The rates of cesarean deliveries continue to increase, and among these rising numbers are those performed by maternal request without medical necessity. The issue was addressed at the recent National Institutes of Health State-of-the-Science Conference in Bethesda, Maryland.
"The medical, social, and economic consequences of this trend need to be evaluated carefully," says Lucky Jain, MD, a professor of pediatrics and the executive vice chairman for the department of pediatrics, Emory University School of Medicine. "There is a great amount of information available to mothers over the Web, and some of it relates to long-term urogenital complications of vaginal deliveries. Armed with this information, mothers often seek their physicians' opinion about Cesarean delivery.
"Many believe that physicians are all too eager to offer cesarean sections without informing mothers of all the pros and cons," Dr. Jain adds. "And so goes the debate."
Dr. Jain's presentation at the conference addressed respiratory morbidity in term- and near-term infants delivered by elective cesarean section (ECS) not preceded by labor. According to Dr. Jain's article, ECS infants are more likely to be admitted to intensive care units, primarily because of delayed respiratory transition. Evidence has also shown that physiologic events in the last few days of pregnancy, coupled with spontaneous labor, brings about hormonal changes in the fetus and the mother that plays a critical role in fetal maturation and its preparation for delivery and neonatal transition.
He writes: "When infants are delivered by elective cesarean section before the onset of spontaneous labor, the fetus is deprived of these hormonal changes, making the neonatal transition more difficult."
Newborns delivered before the onset of spontaneous labor often experience respiratory distress such as transient tachypnea and pulmonary hypertension, the presentation mentioned. Consequently, the infants also have higher rates of admissions to neonatal intensive care units, mechanical ventilation, and death. Most of the neonates who experience respiratory distress can recover without long term consequences; however, a significant number progress to severe respiratory failure.

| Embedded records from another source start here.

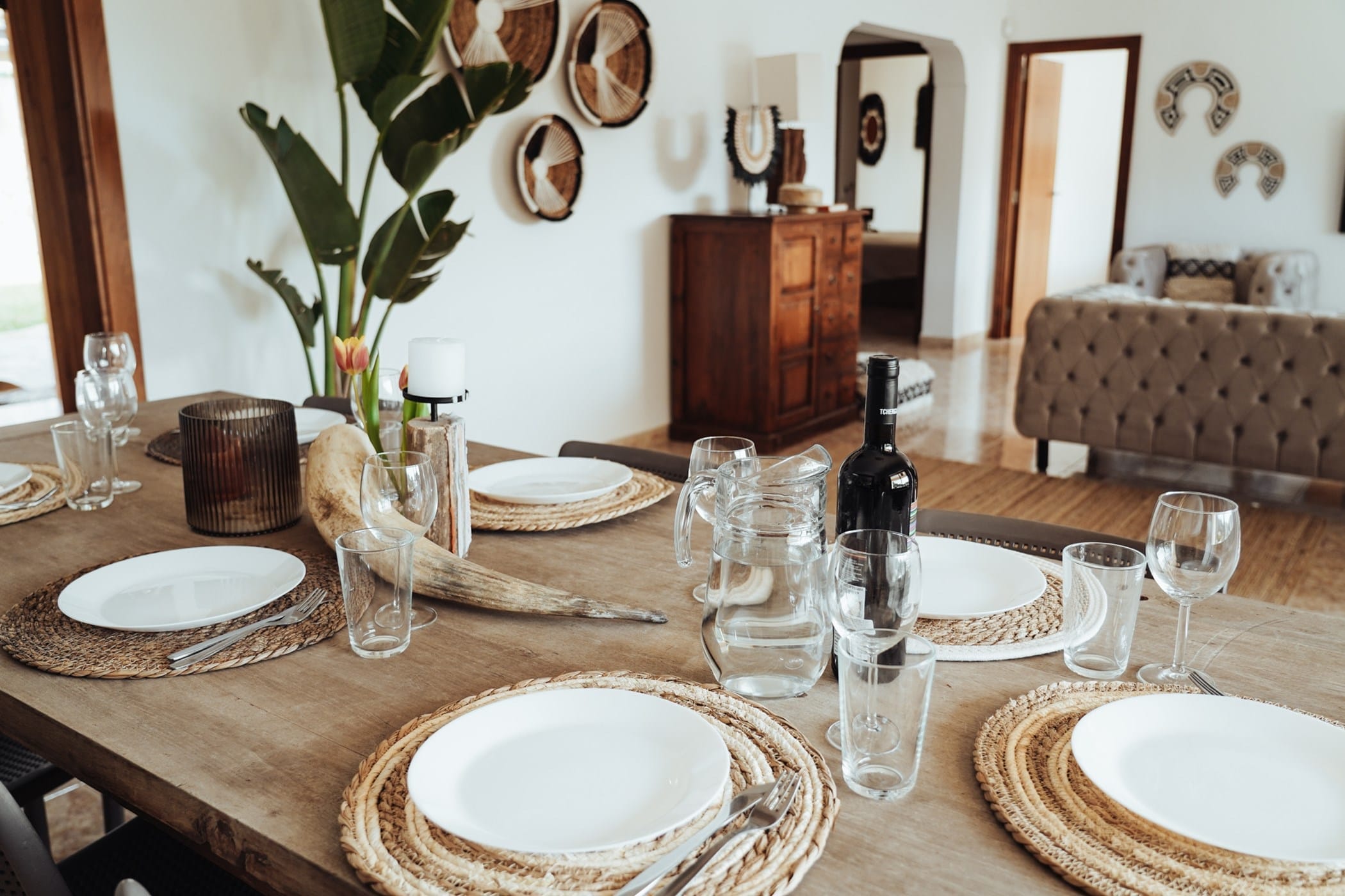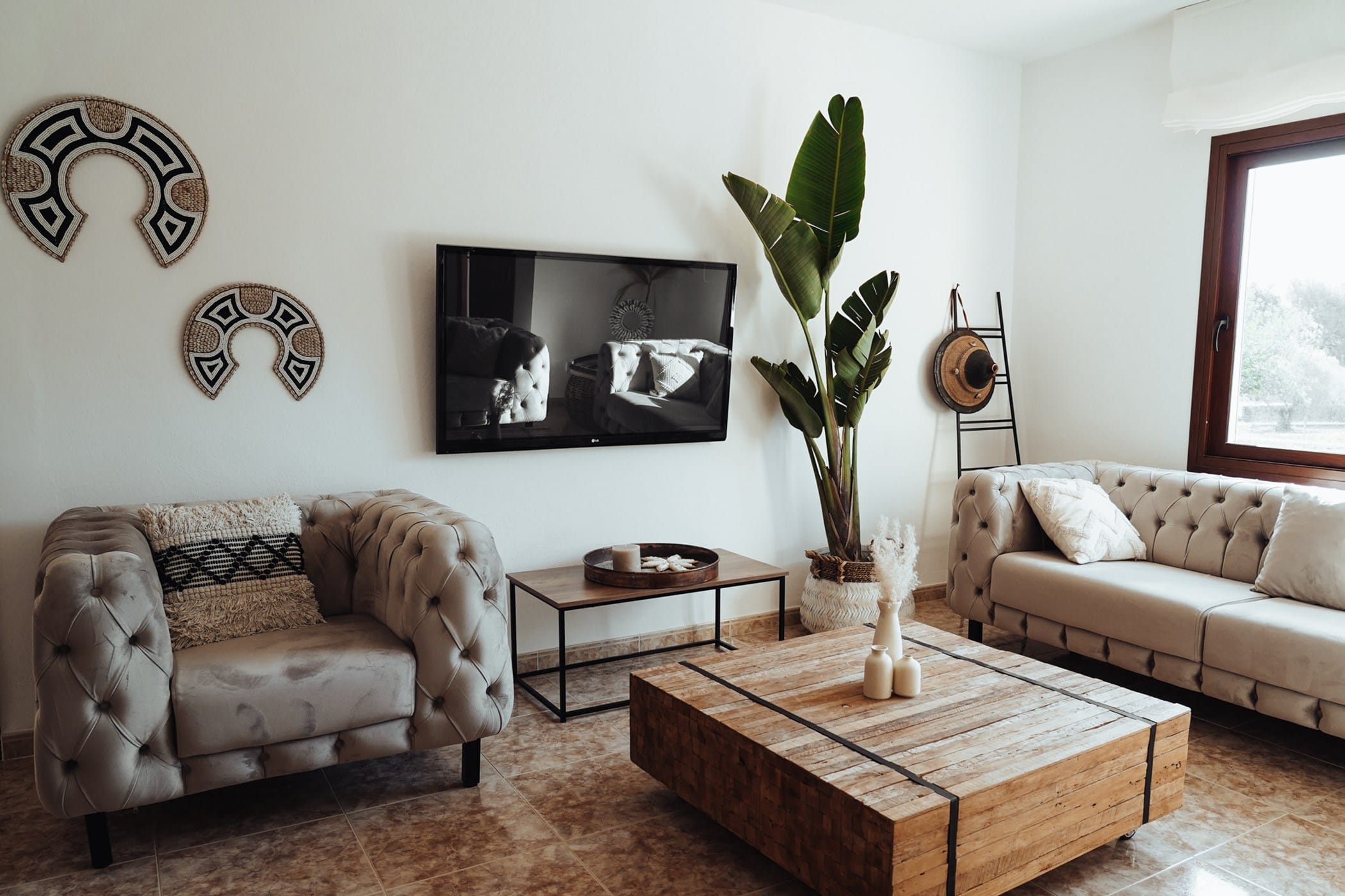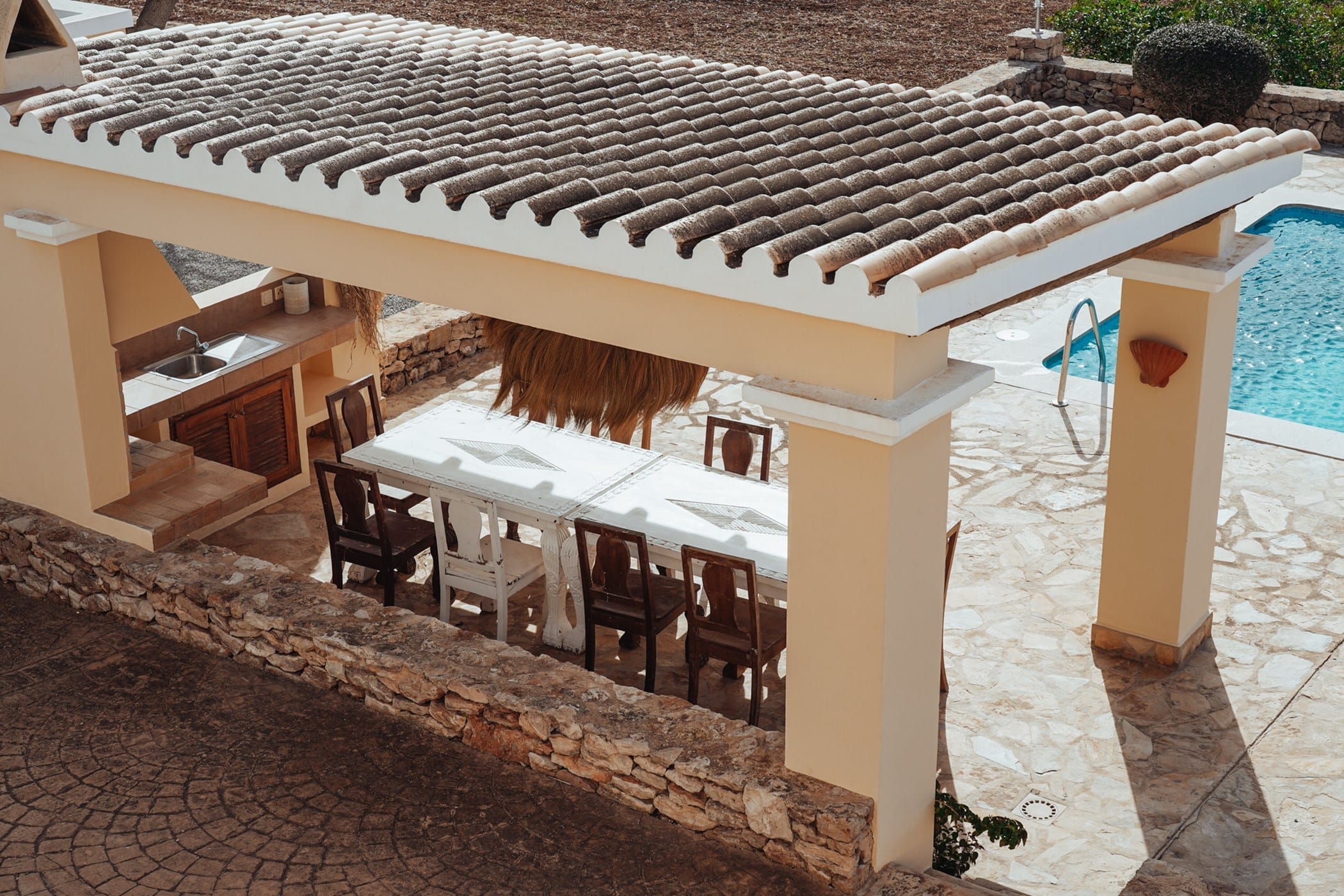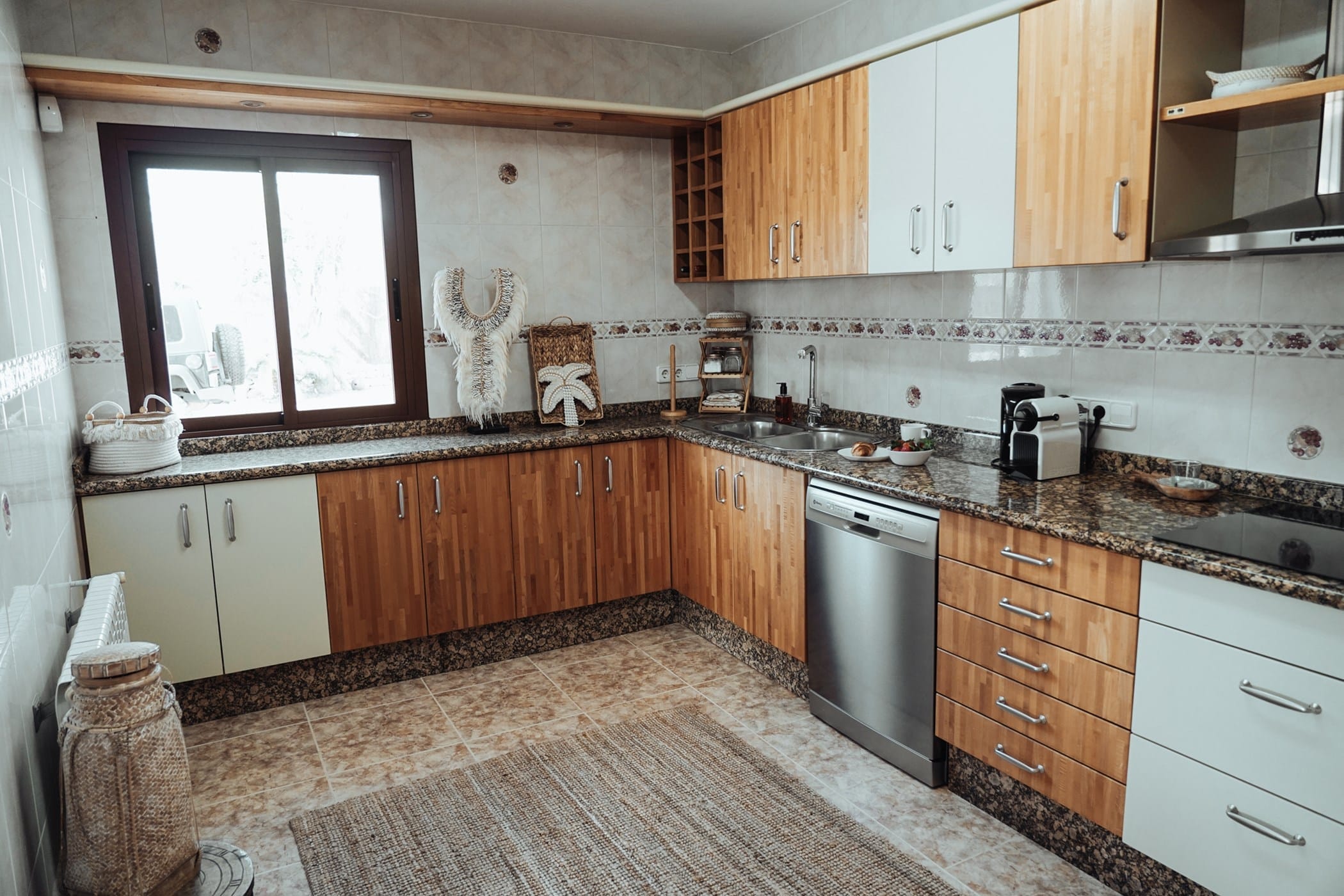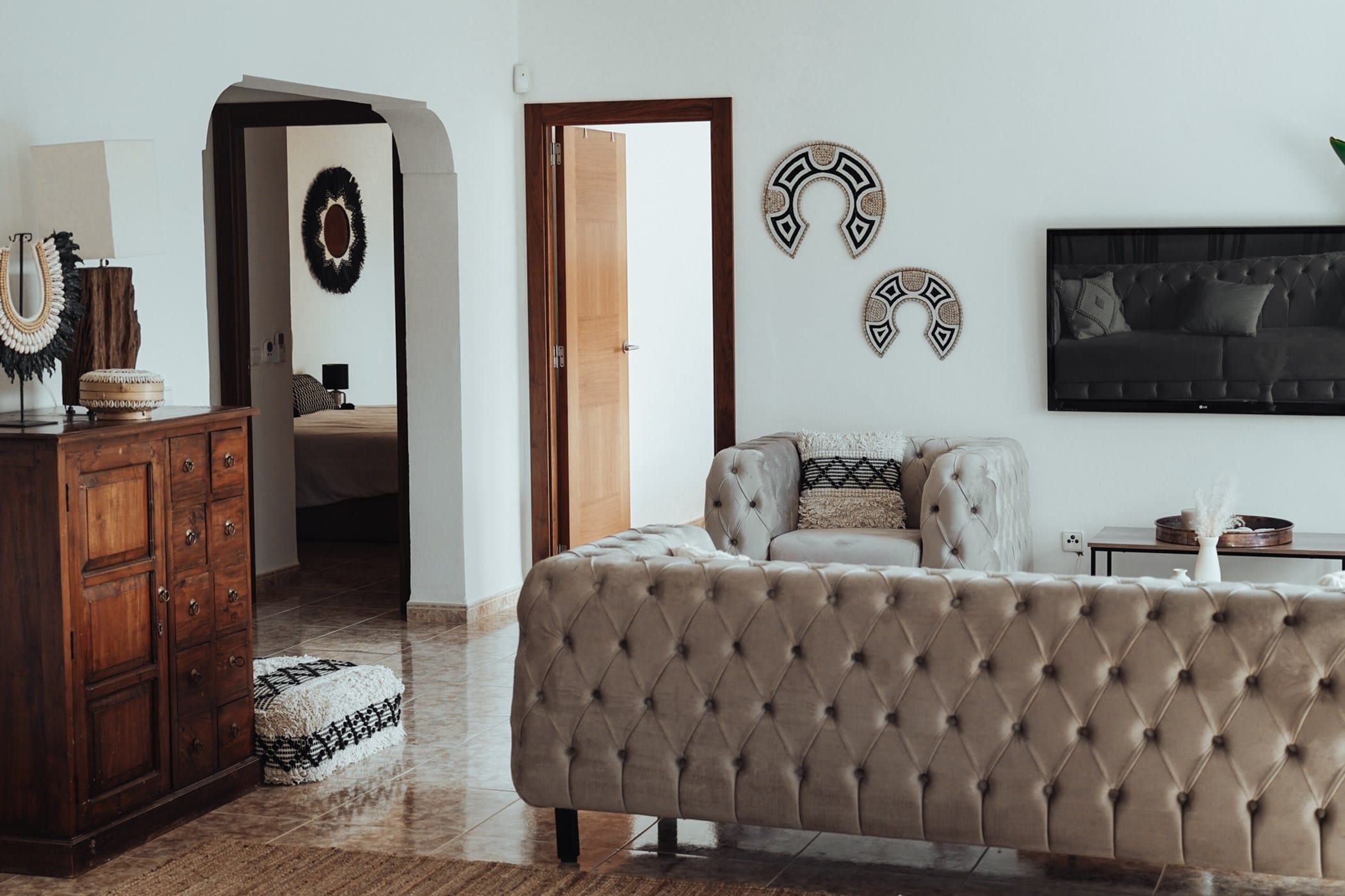 This elegant 5-bedroom villa is nestled in the peaceful countryside of Sant Carlos, offering a perfect blend of Mediterranean charm and modern comfort. Surrounded by orange trees and lush gardens, it provides a tranquil rural setting while remaining within easy reach of northeast coast beaches and the famous Las Dalias Hippy Market.
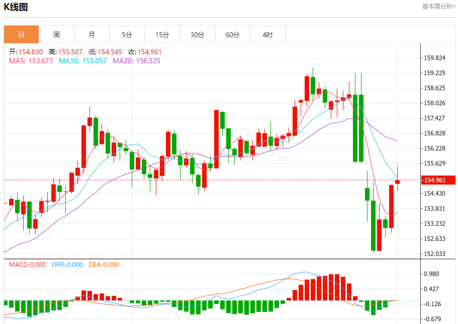 周一纽盘,美元兑日元交投于154.973,涨幅为0.12%。
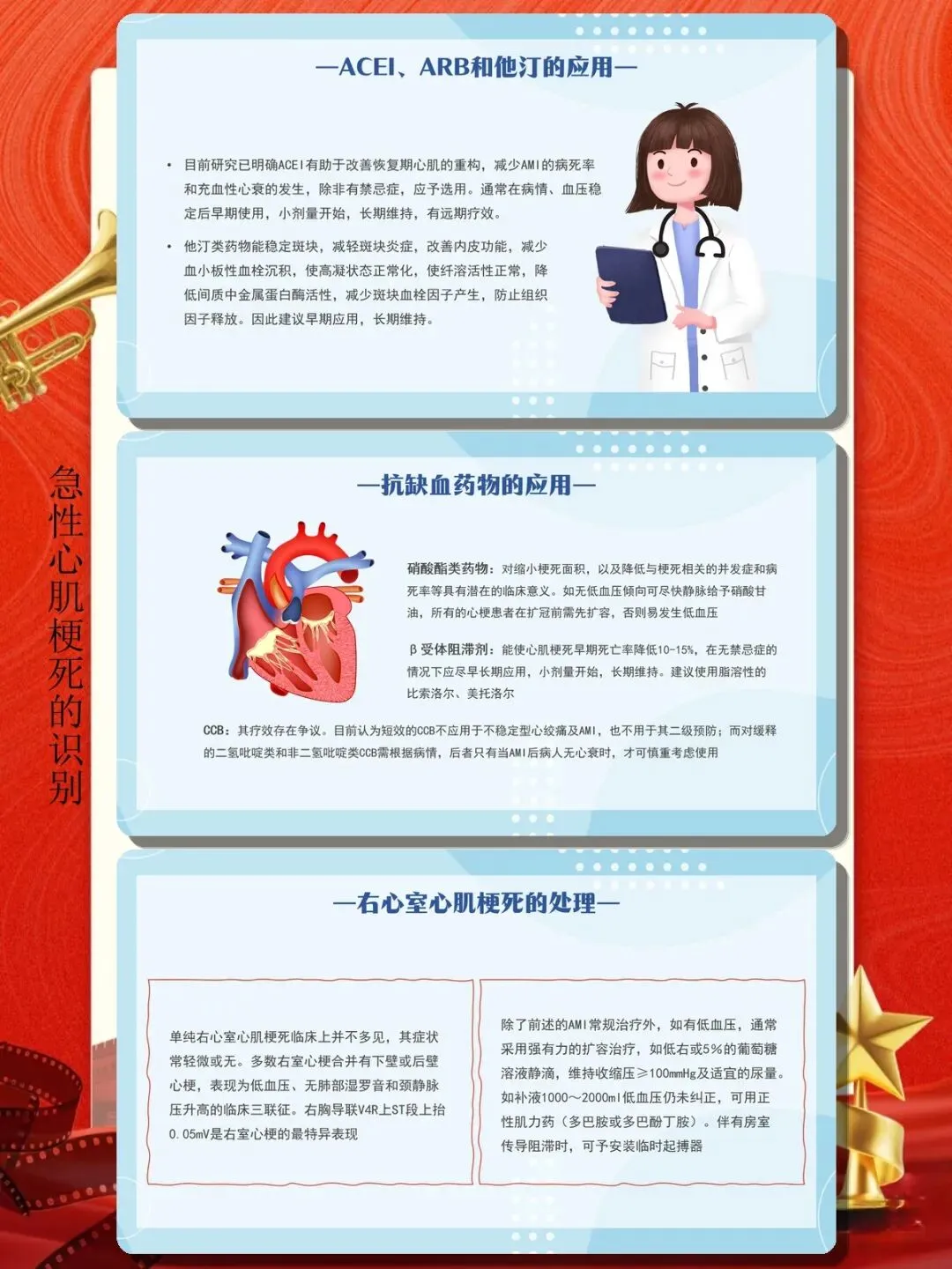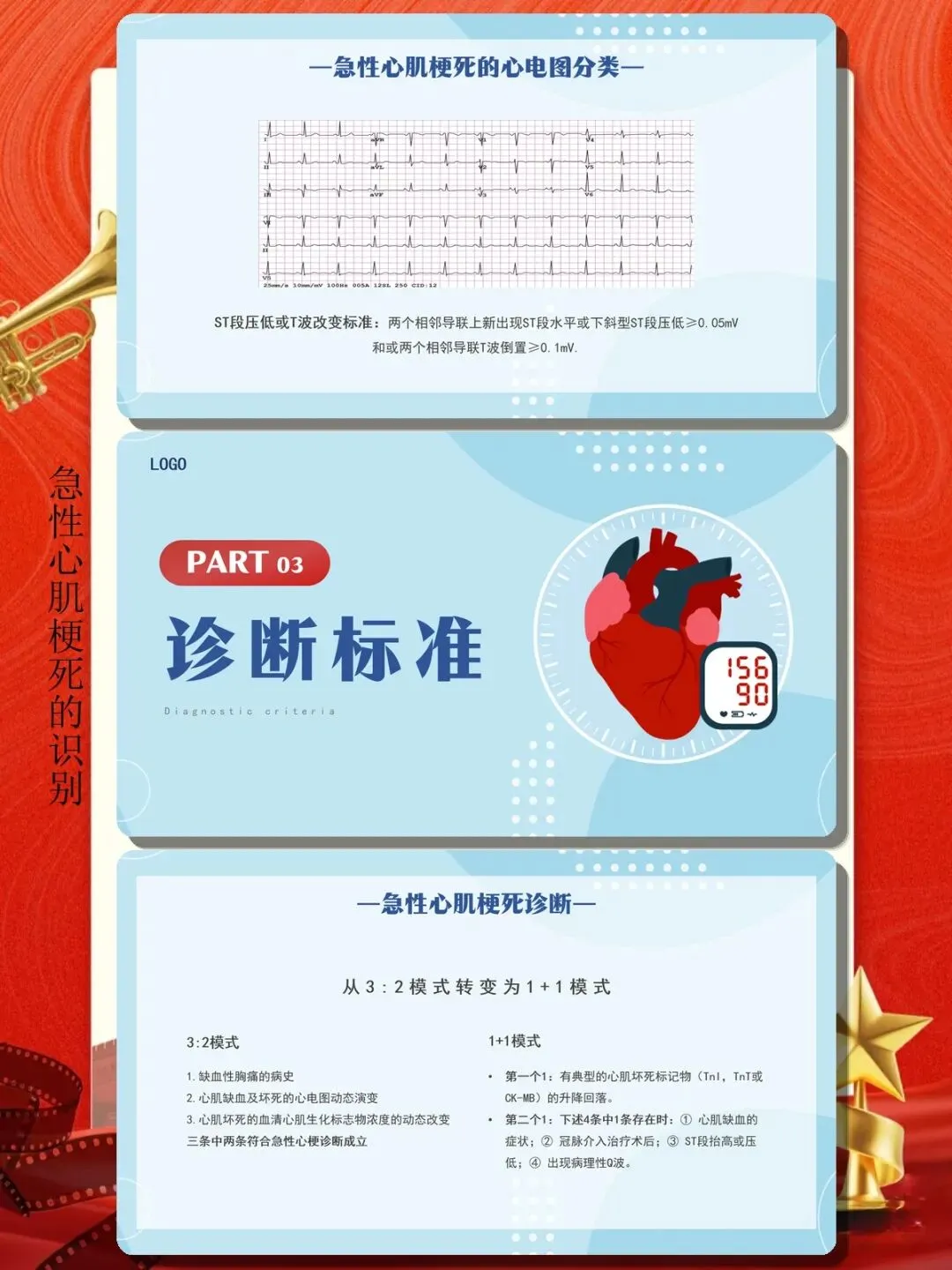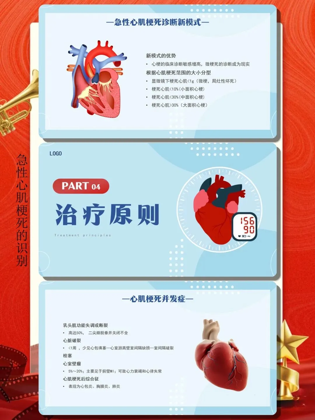 特殊部位心梗需加做导联:后壁心梗需加做V7-V9导联(ST抬高≥0.5mm);右室心梗需结合V3R-V4R导联ST抬高,提示右冠近端闭塞。下壁心梗应常规加做右胸导联,评估右室受累情况。

In spite of these issues, infants delivered by ECS are less likely to sustain brain damage and trauma related to prolonged labor and difficult vaginal birth. This coupled with elimination of the rigors of labor makes Cesarean an attractive alternative to many mothers. Potential advantages to maternal urogenital anatomy are often offset though by the potential complications that are more often associated with multiple Cesarean births.
"There is an urgent need for therapeutic strategies that can facilitate normal neonatal transition when elective delivery without labor is anticipated. Moreover, future research can help gather the evidence needed for making appropriate decisions," Dr. Jain says. "Beneficial studies could include one comparing planned elective cesarean sections versus attempted vaginal deliveries, or a study evaluating the effect of antenatal steroids on neonatal outcome after elective cesarean."
Dr. Jain is a neonatologist with special interest in respiratory disorders of the newborn. His research has focused on elucidating the physiology of lung sodium and fluid transport, and on strategies to prevent lung edema formation.